I'm struggling to understand how they're great examples. They sound absolutely atrocious and nowhere near believable. They sound really, really bad, like something an amateur with zero editing experience could put together with cheap equipment. They're so bad they're difficult to listen to, especially the Sinatra one.


> I'm struggling to understand how they're great examples.

Taking 'Six U.S. Presidents read "Fuck Tha Police" by N.W.A.' I certainly agree there are long sections where the synthesis is obvious - stilted sounding, overlong pauses between words, changes in tone in the middle of a sentence, background noises / changing audio quality accompanying different words and speakers, and so on.

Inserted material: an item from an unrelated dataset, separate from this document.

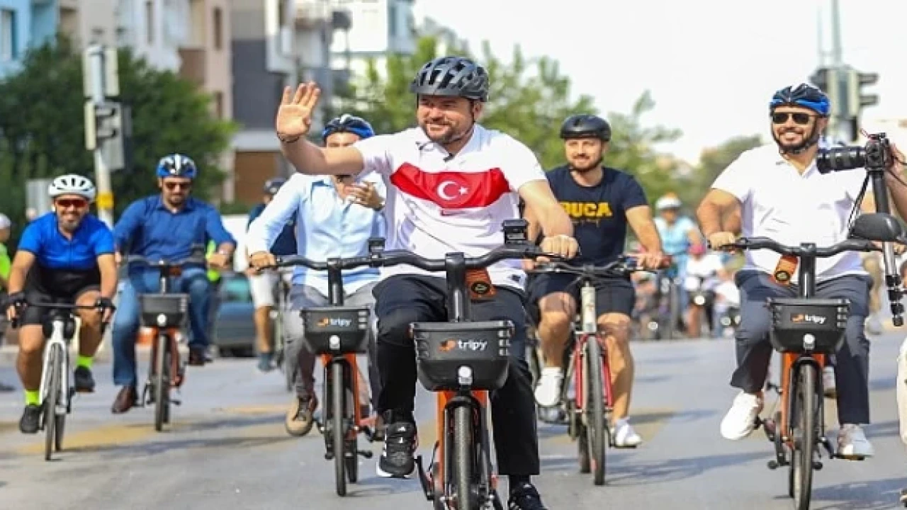 Buca Belediye Başkanı Görkem Duman, çevreci ulaşımı teşvik etmek için pedal çevirdi

But there are sections where it manages to generate several words in a row without those problems. Like at 23 seconds, the section "so help your black ass? / Ya goddamn right / Well, won't you tell everybody what the fuck you gotta say?" sounds pretty realistic.

If you blame the bad sections on lack of training data for older presidents, take the good sections as proof of what's possible, and imagine the entire recording will be that good in 3-5 years, then it's an impressive demo.


Agreed those are not the best examples.

This one (JFK reading the Rick & Morty copypasta) strikes me as much more convincing however:

https://www.youtube.com/watch?v=BkH2zEHJ2Ng


The Trump/Darth Plagueis copy pasta got a chuckle out of me.

https://www.youtube.com/watch?v=LEzIAixNkFI


Agreed; the Nixon deepfake in the OP is pretty good, but all three of these sound immediately artificial.


This sounds like a GPT3 response :)

Note I said "great examples of what's possible today" not "great examples of JFK recording NWA's Fuck the Police".


> This sounds like a GPT3 response :)

If you're going to try to insult someone, own it and leave off the smiley. Don't hide behind that weak passive aggressiveness.


My apologies, it wasn't meant as an insult. I was trying to make a point and added a smiley face because I thought it would certainly be misconstrued as insult without it.


I think the team behind this comment thread accidentally substituted the GPT instance tuned for Reddit for the one tuned for HN.


Why would you prefer actual aggression to passive aggression?

For what its worth, I don’t think the OP was intending to be insulting; this seemed more like an inside joke designed to foster camaraderie.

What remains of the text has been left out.